Но у Вышаты, по-видимому, явилась новая мысль, и он не обратил внимания на последние слова Добрыни.
— Впрочем, я никому еще не навязывал своих услуг, — заметил Добрыня, — но тебе я хотел бы помочь. Вижу, ты тоскуешь, и мне жаль тебя, молодой боярин.
Вышата, казалось, успокоился.
— Подожди до первой звезды, и я заговорю твою тоску, — прибавил Добрыня.

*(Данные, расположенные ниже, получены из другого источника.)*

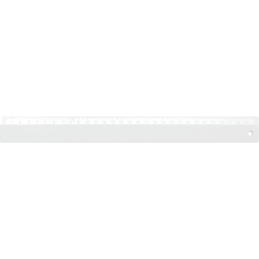 Weißes Lineal bedrucken mit einer Länge von 30 cm. Die Abmessungen sind in den Kunststoff eingegossen und können somit nicht abgenutzt werden.

До первой звезды еще было далеко; наконец, и она появилась на небе. Добрыня вышел на рундук, взял за руку Вышату и, обратясь лицом к звезде, принялся шептать:
— Как на море-окияне, на славном острове Буяне, под дубом да на поляне сидит Ваня и тоскует. Он тоскует — грустно плачет, а тоска все сердце гложет… Что задумался, детина? Пошто грустно смотришь вдаль; что сидишь ты все под дубом, утром, вечером и в ночь? Что сидишь ты на поляне, что на острове Буяне, да на море-окияне? Ведь я знаю, отчего ты грустны слезы проливаешь. Повстречался ты с несчастьем на пути да на дорожке; на пути да на дорожке, что ведет тебя к тоске. Впилась она в твое сердце; шумит-болит голова, и свет белый стал не мил тебе. Встань же, парень, встань скорее, сорви грусть тоску-кручину; брось ее ты от себя за высокие за горы, за зеленые леса, пусть она бежит к другим; пусть она летит без отдыха, пусть бежит она навеки, не в деревню — на погост… Заклинаю я тоску, пусть оставит нас навеки, успокоит молодца, да до самого конца. Сгинь, исчезни, тоска, от сего дня, сего часа, от сей минуты, от сего места. Пусть заклятие мое разнесет буйный ветер, что летает по степям, подувая на леса, сохранит он свою силу, да во веки веков…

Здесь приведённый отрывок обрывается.